Uma década após surgir evidência de uma das mais graves e extraordinárias violações dos direitos humanos, o Congresso dos Estados Unidos adicionou sua voz ao coro de censura.
A resolução 343, um item de legislação que manifesta a preocupação do Congresso americano a respeito dos “relatos persistentes e credíveis da extração sistemática de órgãos, sancionada pelo Estado, de prisioneiros da consciência involuntários na República Popular da China”, foi aprovada por unanimidade na noite de 13 de junho, com discursos inflamados de membros do Congresso.

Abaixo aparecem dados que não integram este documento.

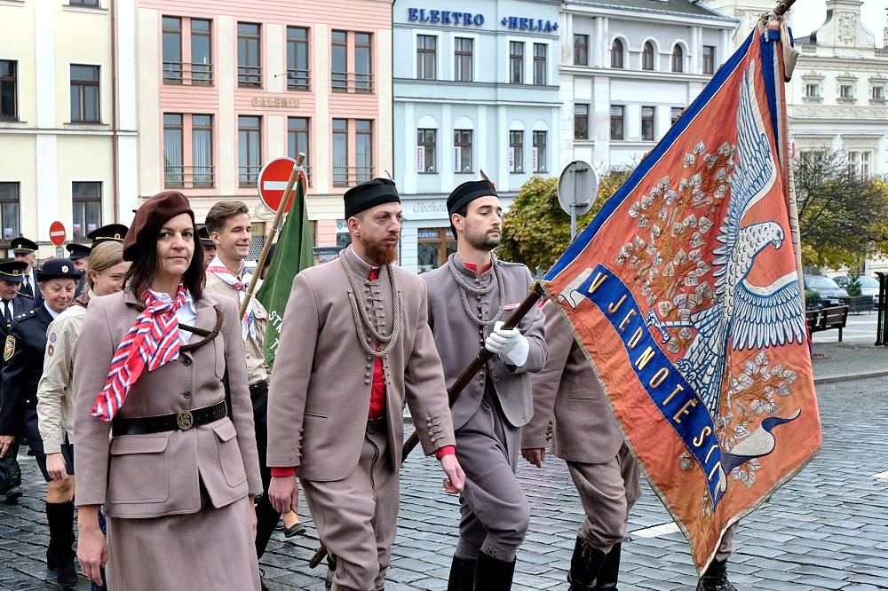 Hasiči, sokolové, skauti, koně a kočáry selské jízdy. Dobové uniformy, historické prapory, dechovka Turnovanka. To bylo zahájení oslav svátku 28. října v Turnově. I přes nepřízeň počasí si stoleté výročí republiky v neděli po poledni přišlo na náměstí Českého ráje připomenout víc než sto lidí. Ti vyslechli krátké proslovy starosty města a zástupců jednotlivých organizací, které stály u vzniku našeho samostatného státu.

“Esta legislação é um passo importante em trazer responsabilidade e transparência para um dos grandes crimes do século 21: o esforço de 17 anos para eliminar [a] prática do Falun Gong na China”, disse o congressista Chris Smith, copatrocinador da resolução. “Eu acredito fortemente que a campanha para erradicar o Falun Gong será vista como um dos grandes horrores.”
A congressista Ileana Ros-Lehtinen, que introduziu a resolução, disse que “condena a política contínua e abominável da China de extrair sem consentimento os órgãos de prisioneiros da consciência e de minorias étnicas e religiosas… uma política doentia e antiética [que] deve parar.”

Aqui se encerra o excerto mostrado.